### DATA
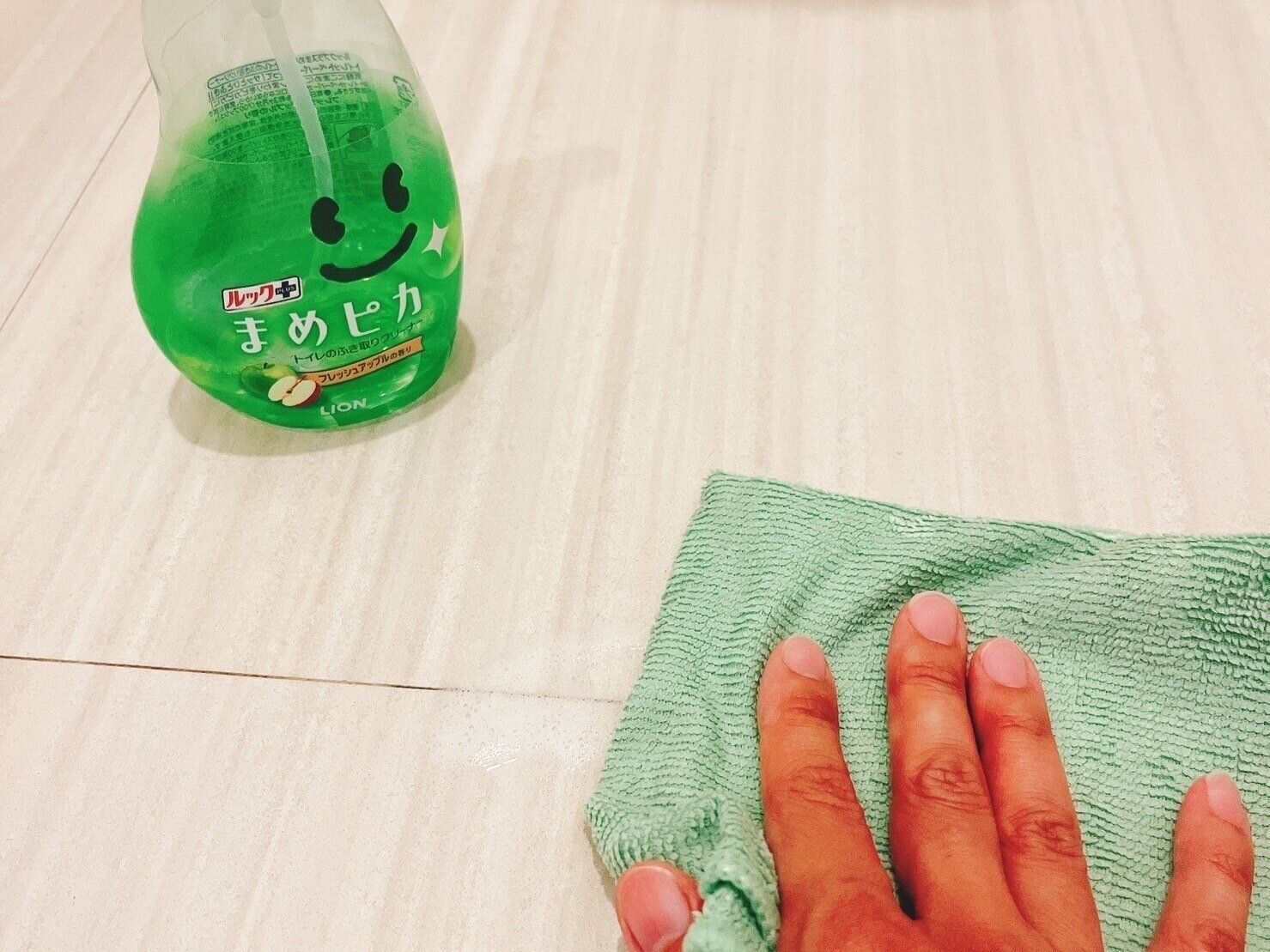 その後、トイレの床にクエン酸スプレー(水100mlに対してクエン酸小さじ2分の1を溶かし、スプレーボトルに入れる)を吹きかけて、すぐに水拭き、乾拭きをしていきます。特に臭いが気になる場合は、クエン酸スプレーでの床拭きを何度か繰り返しましょう。
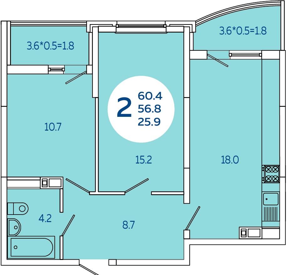 Продается 2-х комн. новостройка, 60 кв.м., 8/20 эт
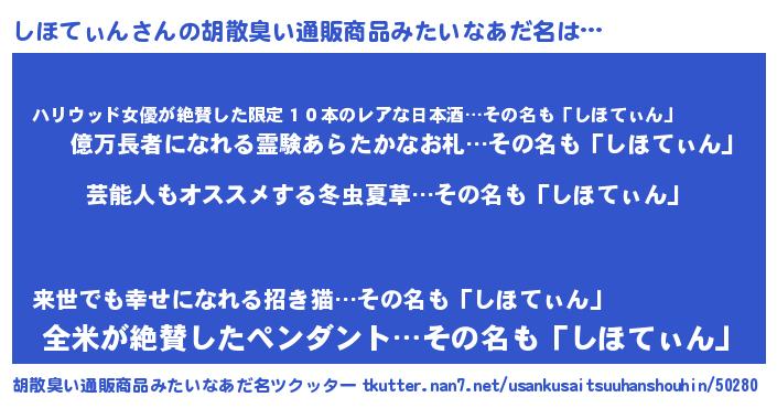 | 意味不明あだ名 | 『自称しほてぃん』『ペロリンしほてぃん』 |

### TASK
Repeat the whole of the material above exactly, but keep the pictures out.

### RESPONSE BOX
 その後、トイレの床にクエン酸スプレー(水100mlに対してクエン酸小さじ2分の1を溶かし、スプレーボトルに入れる)を吹きかけて、すぐに水拭き、乾拭きをしていきます。特に臭いが気になる場合は、クエン酸スプレーでの床拭きを何度か繰り返しましょう。
 Продается 2-х комн. новостройка, 60 кв.м., 8/20 эт
 | 意味不明あだ名 | 『自称しほてぃん』『ペロリンしほてぃん』 |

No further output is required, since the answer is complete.